According to the researchers, the analysis demonstrated contraindications and/or warnings related to infections, including tuberculosis, in all drug classes except phosphodiesterase 4 (PDE4) inhibitors. Malignancy risks were also present in all classes except PDE4 inhibitors, interleukin (IL)-17 inhibitors and IL-23 inhibitors.

Additionally, Kragstrup noted some “surprising” findings, including no major adverse cardiovascular event warning for ustekinumab (Stelara, Janssen), no herpes zoster reactivation warnings for any TNF inhibitors, and no hepatitis reactivation mentioned for IL-17 or IL-23 inhibitors.

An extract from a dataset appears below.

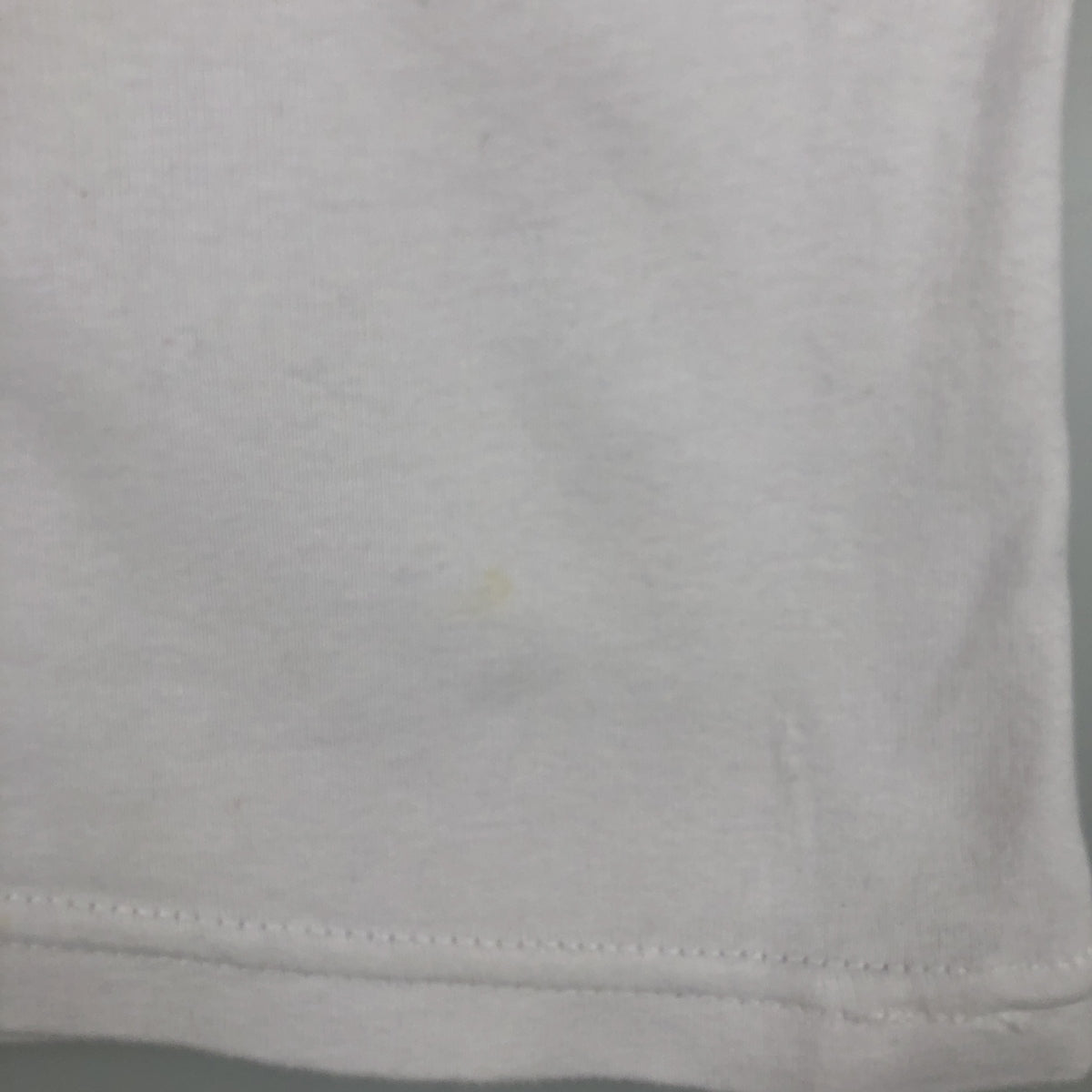 -Stain on the left front of the abdomen. Hole in the abdomen.

The checklist also outlined drugs carrying risks for:

  • demyelinating disease (TNF inhibitors, CTLA4-Ig, and IL-6 receptor inhibitors);
  • heart failure (anti-CD20 and TNF inhibitors);
  • major adverse cardiac events (JAK inhibitors and IL-12/23 inhibitors);
  • venous thromboembolism (JAK inhibitors);
  • hyperlipidemia (IL-6 receptor inhibitors and JAK inhibitors);
  • liver impairment (TNF inhibitors, IL-1 inhibitors, IL-6 receptor inhibitors and JAK inhibitors);
  • kidney impairment (IL-1 inhibitors, JAK inhibitors and PDE4 inhibitors);
  • inflammatory bowel disease (IL-17 inhibitors);
  • gastrointestinal perforation (IL-6 receptor inhibitors and JAK inhibitors);
  • cytopenia (anti-CD20, TNF inhibitors, IL-1 inhibitors, IL-6 inhibitors and JAK inhibitors); and
  • depression (PDE4 inhibitors).

According to Kragstrup, the checklist will need to be updated on a regular basis as new information emerges. He added that he would also like “to go into more detail with each warning category.”

“This will be a significant tool for rheumatology trainees,” Kragstrup said. “We believe that it will also be a useful addition for many trained rheumatology specialists. It is becoming almost impossible to memorize all warnings for all the new drugs.”